The apartment was a small one, and contained only a few pieces of heavy antique furniture. Behind the curtains were iron shutters. In one corner was a strong safe. I walked to it, and for the first time I permitted myself to think of the combination word. Slowly I fitted it together, and the great door swung open.
There were several padlocked dispatch-boxes, and, on a shelf above, a bundle of folded papers. I took this bundle carefully out and laid it on the table before me. I was on the point of undoing the red tape with which it was tied, when my fingers became suddenly rigid. I stared at the packet with wide-open eyes. I felt my breath come short and my brain reeling. The papers were there sure enough, but it was not at them that I was looking. It was the double knot in the pink tape which fascinated me.

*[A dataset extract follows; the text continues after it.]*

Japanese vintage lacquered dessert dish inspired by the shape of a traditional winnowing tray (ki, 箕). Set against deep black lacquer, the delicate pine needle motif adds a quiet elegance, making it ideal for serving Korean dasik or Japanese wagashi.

CHAPTER X AN EXPRESSION OF CONFIDENCEI have no exact recollection of how long I spent in that little room. After a while I closed the door safe, and reset the combination lock with trembling fingers. Then I searched all round, but could find no traces of any recent intruder. I undid the heavy shutters, and let in a stream of sunshine. Outside, Ray and Lady Angela were strolling up and down the terrace. I watched the latter with fascinated eyes. It was from her that this strange warning had come to me, this warning which as yet was only imperfectly explained. What did she know? Whom did she suspect? Was it possible that she, a mere child, had even the glimmering of a suspicion as to the truth? My eyes followed her every movement. She walked with all the lightsome grace to which her young limbs and breeding entitled her, her head elegantly poised on her slender neck, her face mostly turned towards her companion, to whom she was talking earnestly. Even at this distance I seemed to catch the inspiring flash of her dark eyes, to follow the words which fell from her lips so gravely. And as I watched a new idea came to me. I turned slowly away and went in search of the Duke.

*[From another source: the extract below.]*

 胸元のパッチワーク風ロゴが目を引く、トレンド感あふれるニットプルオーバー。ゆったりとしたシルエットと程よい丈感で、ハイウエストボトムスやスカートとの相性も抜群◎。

I found him sitting fully dressed in an anteroom leading from his bedroom, with a great pile of letters before him, and an empty postbag. He was leaning forward, his elbow upon the table, his head resting upon his right hand. Engrossed as I was with my own terrible discovery, I was yet powerfully impressed by his unfamiliar appearance. In the clear light which came flooding in through the north window he seemed to me older, and his face more deeply lined than any of my previous impressions of him had suggested. His eyes were fixed upon the mass of correspondence before him, most of which was as yet unopened, and his expression was one of absolute aversion. At my entrance he looked up inquiringly.
"What do you want, Ducaine?" he asked.
"I am sorry to have disturbed your Grace," I answered. "I have come to place my resignation in your hands."
His face was expressive enough in its frowning contempt, but he said nothing for a moment, during which his eyes met mine mercilessly.
"So you find the work too hard, eh?" he asked.
"The work is just what I should have chosen, your Grace," I answered. "I like hard work, and I expected it. The trouble is that I have succeeded no better than Lord Ronald."
My words were evidently a shock to him. He half opened his lips, but closed them again. I saw the hand which he raised to his forehead shake.
"What do you mean, Ducaine? Speak out, man."
"The safe in the study has been opened during the night," I said. "Our map of the secret fortifications on the Surrey downs and plans for a camp at Guilford have been examined."
"How do you know this?"
"I tied the red tape round them in a peculiar way. It has been undone and retied. The papers have been put back in a different order."
The Duke was without doubt agitated. He rose from his chair and paced the room restlessly.
"You are sure of what you say, Ducaine?" he demanded, turning, and facing me suddenly.
"Absolutely sure, your Grace," I answered.
He turned away from me.
"In my own house, under my own roof," I heard him mutter. "Good God!"